Mathematical Formulation

1. Tanimoto Similarity

The core of PANDA is the Tanimoto similarity function, which measures the overlap between network neighborhoods:

$$T(X, Y) = \frac{XY^T}{\sqrt{\|X\|^2 + \|Y\|^2 - |XY^T|}}$$

where: - $X$ and $Y$ are network matrices - $\|\cdot\|$ denotes the Frobenius norm

Illustration of Tanimoto similarity between networks

2. Network Update Rules

At each iteration $t$, the networks are updated as follows:

Responsibility (how well TFs explain gene expression): $$R_t = T(P_t, W_t)$$

Availability (how well genes are co-regulated): $$A_t = T(W_t, C_t)$$

Regulatory network update: $$W_{t+1} = (1-\alpha)W_t + \alpha \cdot \frac{R_t + A_t}{2}$$

Cooperative network update: $$P_{t+1} = (1-\alpha)P_t + \alpha \cdot T(W_t, W_t^T)$$

Co-regulatory network update: $$C_{t+1} = (1-\alpha)C_t + \alpha \cdot T(W_t^T, W_t)$$

where $\alpha$ is the learning rate.

Convergence Criterion

The algorithm converges when the Hamming distance between consecutive regulatory networks falls below a threshold:

$$H_t = \frac{1}{n_{TF} \times n_{gene}} \sum_{i,j} |W_t^{(i,j)} - W_{t-1}^{(i,j)}|$$

# Run SCORPION and track convergence
data(scorpionTest)
set.seed(123)

# Run with high hamming to see more iterations
result <- scorpion(
  tfMotifs = scorpionTest$tf,
  gexMatrix = scorpionTest$gex,
  ppiNet = scorpionTest$ppi,
  gammaValue = 10,
  alphaValue = 0.1,
  hammingValue = 0.001,
  showProgress = FALSE
)

# Simulated convergence curve for illustration
iterations <- 0:10
hamming <- 1 * exp(-0.8 * iterations)

plot(iterations, hamming, type = "b", pch = 19, col = "steelblue",
     xlab = "Iteration", ylab = "Hamming Distance",
     main = "PANDA Convergence", ylim = c(0, 1))
abline(h = 0.001, col = "red", lty = 2)
text(8, 0.05, "Threshold = 0.001", col = "red")
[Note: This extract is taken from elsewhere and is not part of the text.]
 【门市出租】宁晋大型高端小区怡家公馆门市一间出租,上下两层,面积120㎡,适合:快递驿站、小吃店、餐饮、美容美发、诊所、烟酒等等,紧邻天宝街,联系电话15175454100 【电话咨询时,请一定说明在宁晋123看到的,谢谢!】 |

Convergence of PANDA algorithm

Metacell Aggregation

The Sparsity Problem

Single-cell RNA-seq data is inherently sparse due to: - Technical dropout events - Low capture efficiency - Biological variability

Solution: Metacells

SCORPION addresses sparsity by aggregating similar cells into “metacells”:

1. PCA dimensionality reduction on variable genes
2. k-NN graph construction in PCA space
3. Walktrap clustering to identify cell communities
4. Expression averaging within clusters

# Illustration of metacell concept
set.seed(42)
n_cells <- 100
n_genes <- 50

# Simulated single-cell data (sparse)
sc_data <- matrix(rpois(n_cells * n_genes, lambda = 0.5), n_genes, n_cells)
sc_data[sc_data > 3] <- 3

# Simulated metacell data (denser)
n_metacells <- 10
mc_data <- matrix(rpois(n_metacells * n_genes, lambda = 5), n_genes, n_metacells)
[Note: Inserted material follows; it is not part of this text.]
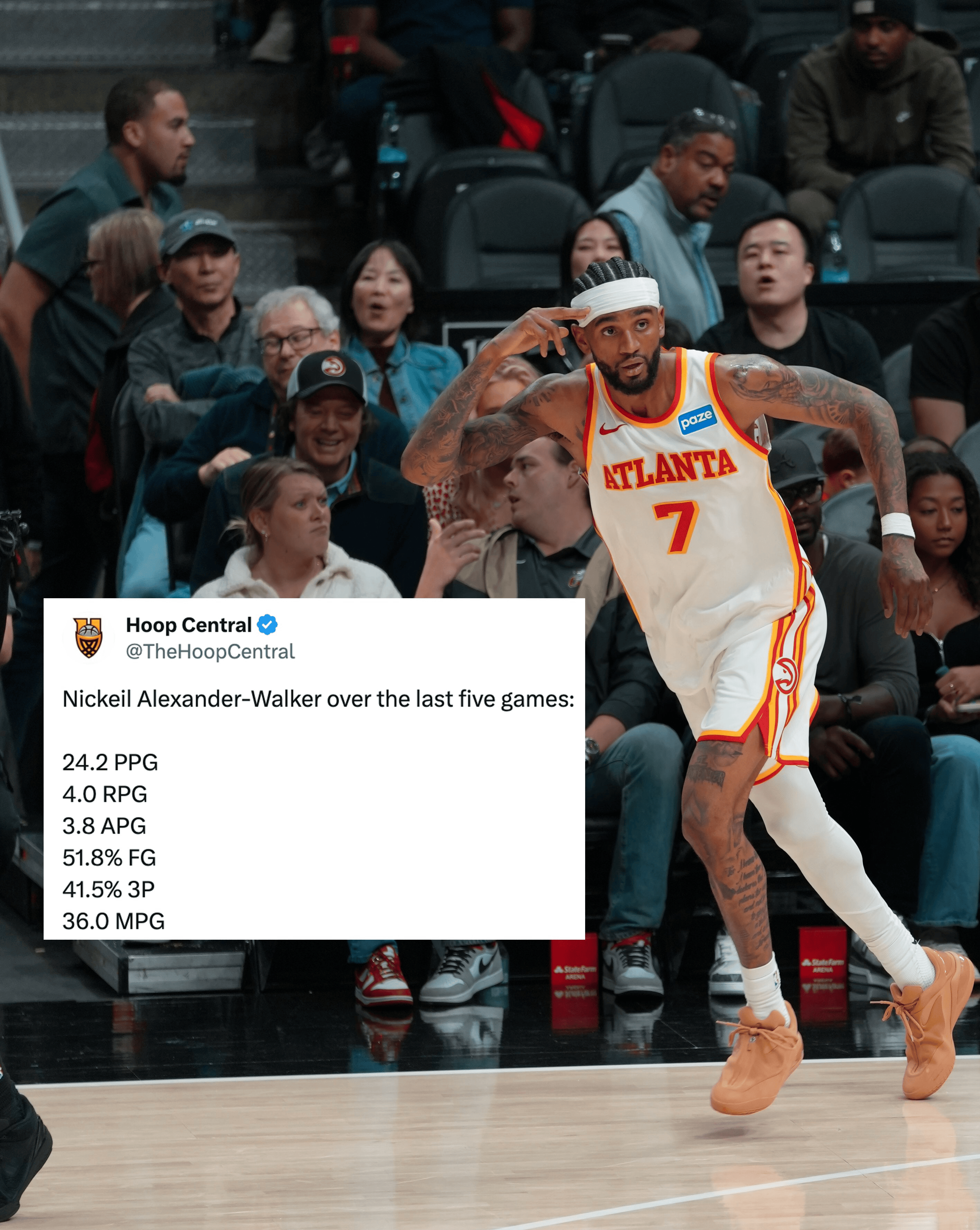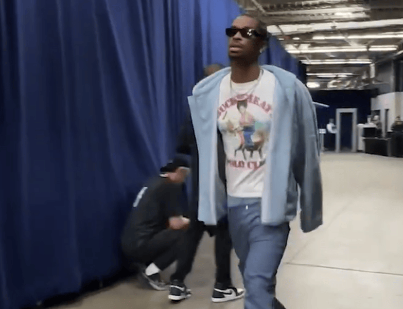 亚历山大身穿时尚服饰步入球馆,赛前热身与球迷亲切互动

par(mfrow = c(1, 2), mar = c(4, 4, 3, 1))

# Single-cell heatmap
image(t(sc_data), main = paste0("Single-cell (", n_cells, " cells)"),
      col = colorRampPalette(c("white", "navy"))(100),
      xlab = "Cells", ylab = "Genes", axes = FALSE)
mtext(paste0("Sparsity: ", round(100*mean(sc_data == 0), 1), "%"), side = 1, line = 2.5)

# Metacell heatmap  
image(t(mc_data), main = paste0("Metacells (", n_metacells, " metacells)"),
      col = colorRampPalette(c("white", "navy"))(100),
      xlab = "Metacells", ylab = "Genes", axes = FALSE)
mtext(paste0("Sparsity: ", round(100*mean(mc_data == 0), 1), "%"), side = 1, line = 2.5)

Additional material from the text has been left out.